Harvard Economics Professor Raj Chetty published an op-ed in this past weekend’s New York Times titled, “Yes, Economics is A Science,” arguing, as the title hints, that economics is a science, as much as public health or epidemiology. In particular, Chetty is on the defensive after criticism over the awarding of the Nobel Prize in Economics to two economists with seemingly opposing views of the world – Robert Shiller of Yale, who likes to talk about market inefficiency and Eugene Fama of the University of Chicago, who likes to talk about market efficiency. He reminds us of the old colloquialism,”if you ask three economists a question, you’ll get three different answers.” And Chetty is right to point out that even in science, and particularly his noted public health and epidemiology, there is debate and accepted ideas can change over time and even oppose each other at one moment in time. Science, despite its image as truth, is still subject to communities of people who create knowledge with subjective biases and sometimes get things wrong. That is okay. It is still science.
However, Chetty’s rosy-colored view of economics is not going deep enough – back to the debate between Popperian and Kuhnian philosophies of science. Popper puts forward the principle of falsification to test scientific theory, where theory is changed through constant testing of whether you can falsify an accepted hypothesis. On the other hand, Kuhn holds a more socialized and subjective view of how scientific knowledge is developed. Kuhnian philosophy of science says that there are periods of “normal science” in which all studies are conducted within a particular paradigm that is not being tested for falsification.
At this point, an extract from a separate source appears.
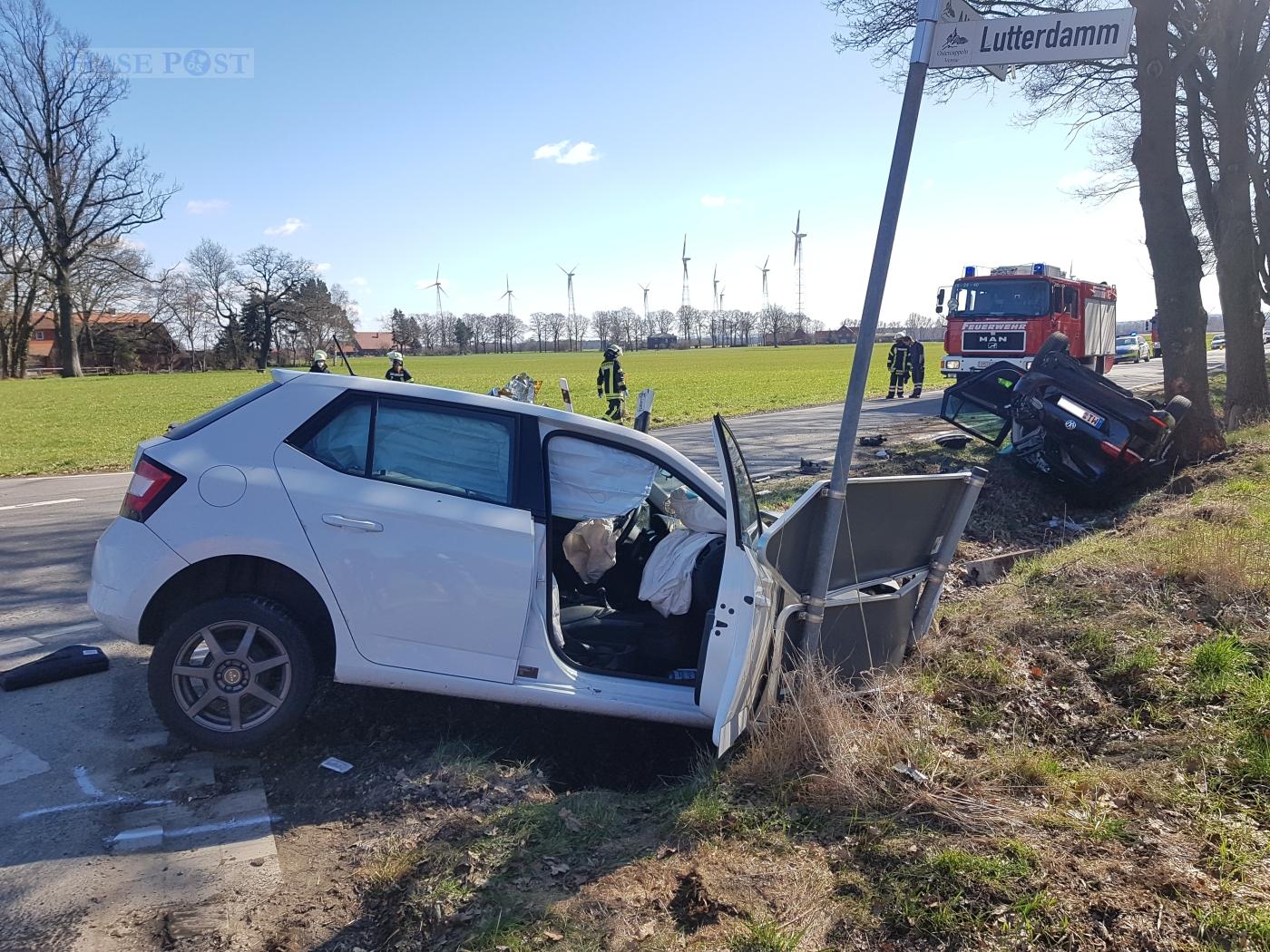 Um 12:15 Uhr wurden zahlreiche Rettungskräfte zur Unfallstelle gerufen. An der Kreuzung der Landstraßen Vördener Straße / Alter Damm und Lutterdamm waren zwei PKW kollidiert. Ein VW Golf war zuvor in Richtung Alter Damm / Ostercappeln-Venne gefahren, als er von einem von links kommenden Skoda Fabia erfasst wurde.

According to Kuhn, science doesn’t change in a smooth evolutionary process, as you might predict through a process of falsification, but rather through big “paradigm shifts,” in which the whole field shifts in response to eventual acknowledgement that there are just too many anomalies or other factors that cannot be explained by the dominant paradigm.
It seems to me that economics as a science has not responded to tests of falsification or even paradigm shifts in response to events that can’t be explained by the current dominant theoretical school of orthodox free market economics. Economics is somewhere even beyond what Kuhn described in science. Take the 2008 financial crisis – the labor market has been largely unable to bounce back even though financial markets appear to be “efficient” and businesses are certainly profitable, and this cannot be explained well by economic theory that just attributes the pain and suffering of workers to “frictions” or “inefficiencies.” Something larger and structural is going on here, and it cannot be accommodated for in the current mainstream theory.
Hungarian philosopher of science Imre Lakatos describes a third way to understand science that might help us understand what is happening in economics and why it has been unable to change major theoretical understandings. Lakatos explains that there are core assumptions and a protective boundary of peripheral assumptions. In economics, this is akin to understanding that the market tends to be efficient but those pesky “frictions” are the reason so many people are still unemployed or under-employed. The central notion of efficiency is the core and the idea that frictions get in the way is the peripheral assumption. Under this philosophy of science, it is basically impossible to question the core because all unexplained phenomena can be attributed to the peripheral assumptions that can be tinkered with in an ad hoc way so that we still get to believe our core assumptions.
So is economics a science? Sort of. Lakatos was describing science and his contributions can be applied to economics. But what is he describing is also the difficulties in challenging core assumptions that may block the progress of scientific thought. So maybe economics is a science, but an inefficient one. And it could be better.